Comparison of virulence factors between invasive and non-invasive clinical isolates of Candida spp
Bryan Zamora, Lizeth Salazar, Marcelo Grijalva, Tatiana Lara, Patricia Jiménez, María José Vallejo-López

TL;DR
The study compares virulence factors in invasive and non-invasive Candida infections, finding differences in biofilm formation and enzyme activity that may influence infection severity.
Contribution
The study provides new insights into Candida virulence factors in Ecuador by comparing invasive and non-invasive isolates.
Findings
Invasive Candida isolates showed higher biofilm production and metabolic activity compared to non-invasive isolates.
Non-albicans Candida species exhibited higher biofilm-forming capacity and metabolic activity.
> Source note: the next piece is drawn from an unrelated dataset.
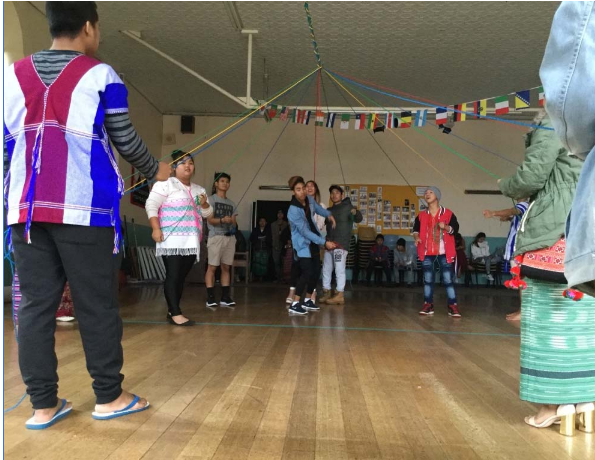
‘unity dance’ practice in the hall

Localized infection isolates had higher hydrolytic enzyme production compared to invasive isolates.
Abstract
Invasive fungal infections have high morbidity and mortality rates, with Candida species being the leading cause in hospitalized patients. Virulence factors, such as adhesion, enzyme secretion, and biofilm formation, play a major role in Candida pathogenesis. This study hypothesized that virulence factors in localized Candida infections behave differently than those in systemic infections. This study compared invasive and non-invasive Candida clinical isolates in terms of biofilm formation and enzymatic activity in. Biofilm mass and metabolic activity were assessed using crystal violet and XTT assays, while phospholipase and protease activities were measured in specific media. Qualitative biofilm characterization was performed using scanning electron microscopy and scanning confocal laser microscopy. Candida isolates from invasive infections showed higher bulk biofilm production and…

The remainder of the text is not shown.